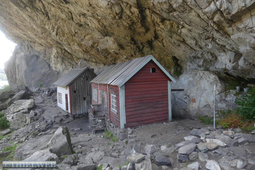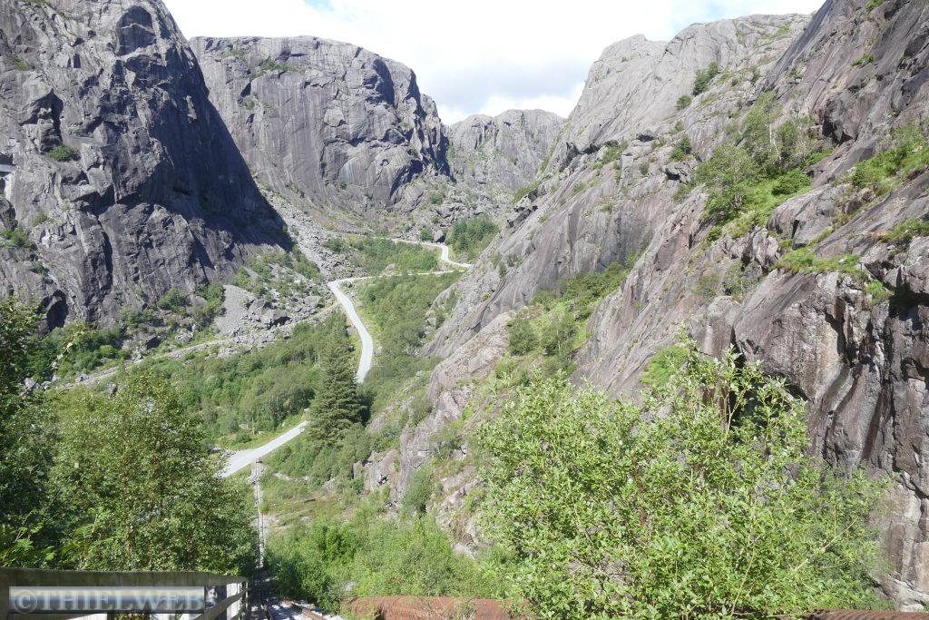 Danach fahren wir weiter durch eine fantastische Felslandschaft bis zu den beiden kleinen Häusern von Helleren, geduckt befinden sie sich unter dem grauen Gestein. Hinter dem roten Haus findet man einen Eimer, in dem seit ewigen Zeiten Tropfen aus einer Sickerquelle fallen. Um die Aussicht auf den Jøssingfjord genießen zu können, steigen wir entlang der alten Bahnstrecke auf den Fladen.
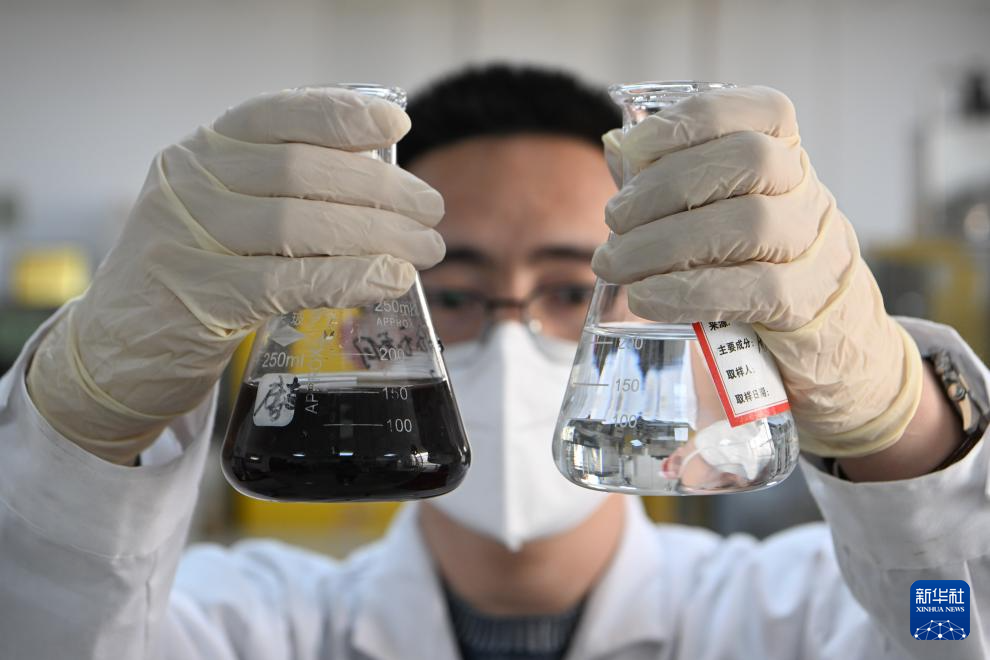 中海油天津化工研究设计院国家工业水处理工程技术研究中心的科研人员展示工业废水和经技术处理的循环水(2023年3月22日摄)。该中心主要在工业节水与废水资源化成套技术等领域进行科研攻关,成果广泛运用于石油开采、石油炼化、钢铁冶炼、煤化工等行业中,助力工业废水的资源化利用。新华社记者 孙凡越 摄
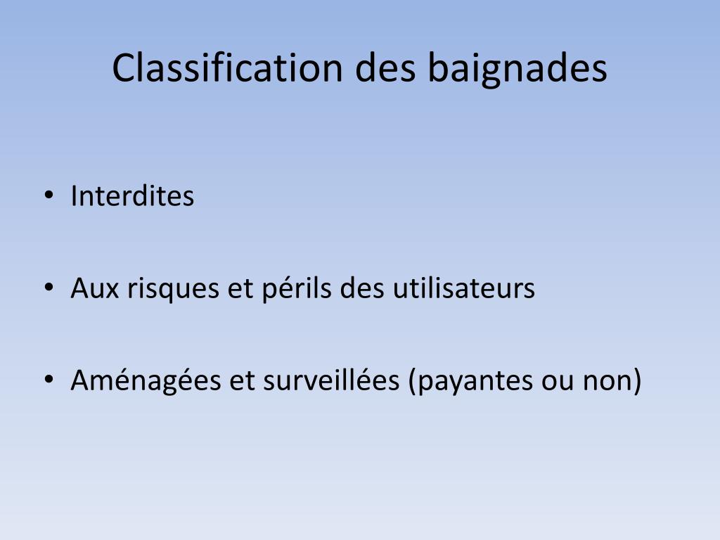 Classification des baignades • Interdites • Aux risques et périls des utilisateurs • Aménagées et surveillées (payantes ou non)

**What you will do:**
From the listing, extract all text exactly as given and drop any picture.

**Answer space:**
 Danach fahren wir weiter durch eine fantastische Felslandschaft bis zu den beiden kleinen Häusern von Helleren, geduckt befinden sie sich unter dem grauen Gestein. Hinter dem roten Haus findet man einen Eimer, in dem seit ewigen Zeiten Tropfen aus einer Sickerquelle fallen. Um die Aussicht auf den Jøssingfjord genießen zu können, steigen wir entlang der alten Bahnstrecke auf den Fladen.
 中海油天津化工研究设计院国家工业水处理工程技术研究中心的科研人员展示工业废水和经技术处理的循环水(2023年3月22日摄)。该中心主要在工业节水与废水资源化成套技术等领域进行科研攻关,成果广泛运用于石油开采、石油炼化、钢铁冶炼、煤化工等行业中,助力工业废水的资源化利用。新华社记者 孙凡越 摄
 Classification des baignades • Interdites • Aux risques et périls des utilisateurs • Aménagées et surveillées (payantes ou non)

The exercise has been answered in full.